Last season, RB Joique Bell surprised the Detroit Lions organization, as well as every fantasy GM out there. After hours compiling ranks and analysis of players across the league, very few (if any) GMs felt any inclination to pick the backup to the highly touted Reggie Bush. GMs who were proactive and lucky enough to pick Bell off of waivers were treated to a Top 20 campaign from the dual threat back.
Bush and Bell tore it up last season, combining for more than 2,700 yards and nearly 400 fantasy points. Of course, that was with Scott Linehan‘s offense, and now the Lions bring in a new system from Joe Lombardi that should look similar to the system ran by the New Orleans Saints. That being said, that stat line from the Lions’ backfield should increase this season and will implement a third running back. Second-year RB Theo Riddick will be that third back, but by no means will he be a “third wheel” in the offense. He’ll be a great complement, but also be a highlight for the Lions’ offense.
Riddick’s experience is virtually non-existent (though he did land in the end zone once on 13 touches). He’s coming into his second season, and though he hasn’t had opportunity to impress in live-action on offense, he’s certainly raising eyebrows and expectations in Detroit during training camp (and his hard work on special teams has proven commitment to the coaching staff). Backup QB Dan Orlovsky commented to the Ross Tucker Podcast that, “[he] could be the Lions’ version of Darren Sproles.”
Of course that comparison is no surprise, as their new offensive coordinator, who had experience in New Orleans, had much success giving passes to their running backs. He’ll get the opportunity, as a more run-and-by-committee should be implemented this season. But what about the talent? He certainly has that, even his superior in Bell admits that, saying that he believes Riddick will be a Pro Bowl player and “one of the best running backs in the league.”

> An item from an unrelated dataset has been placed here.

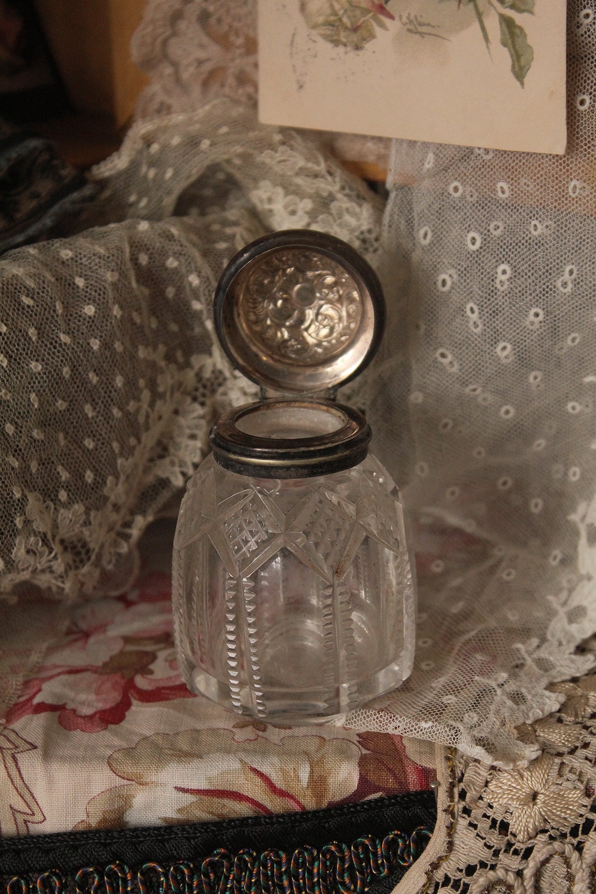 Cut Glass Bottle/Ink Well With Decorative Hinged Lid

That could all be smoke and mirrors, trying to get fans hyped up and defenses looking to diverge on multiple players. But Riddick was a proven talent at Notre Dame and has experience as a pass-catcher, much like he’s anticipated to be this season. For two seasons he lined up in the slot for the Fighting Irish, and then made the move back to running back for his senior season and almost amassed 1,000 yards while splitting carries. He also possesses great finesse and speed fueled by a great tenacity to get the extra yard on each touch. He may not have blazing speed, but neither does Bell, and no one expected a lot out of him — an undrafted free agent in 2010.
We really can’t know how much opportunity any of the Lions’ running backs will have this season with the new system. However, we do know that they’ll all get a fair slice of the cake, and a majority of that will come from the passing game. I’d anticipate Riddick to amass about 55 catches opposed to 35 carries this season. That may be an over-estimated figure, but when the offensive coordinator states he’ll receive “eight catches a game,” my prediction is quite low-balling it. Remember, most Saints third string running backs took on about 90 touches a season as well.
To cut to the chase though, Riddick’s fantasy value should land somewhere around 100 points. While that’s not an overly impressive figure for a fantasy starter, it certainly is a great value for a player who is going virtually undrafted. Plus, his value could increase to that of Bell from last season, assuming one of the two back in front of him should land injured this season. There’s incredible upside to him, and as a last round pick, there’s certainly no reason not to draft him — he won’t devalue your team, only raise it.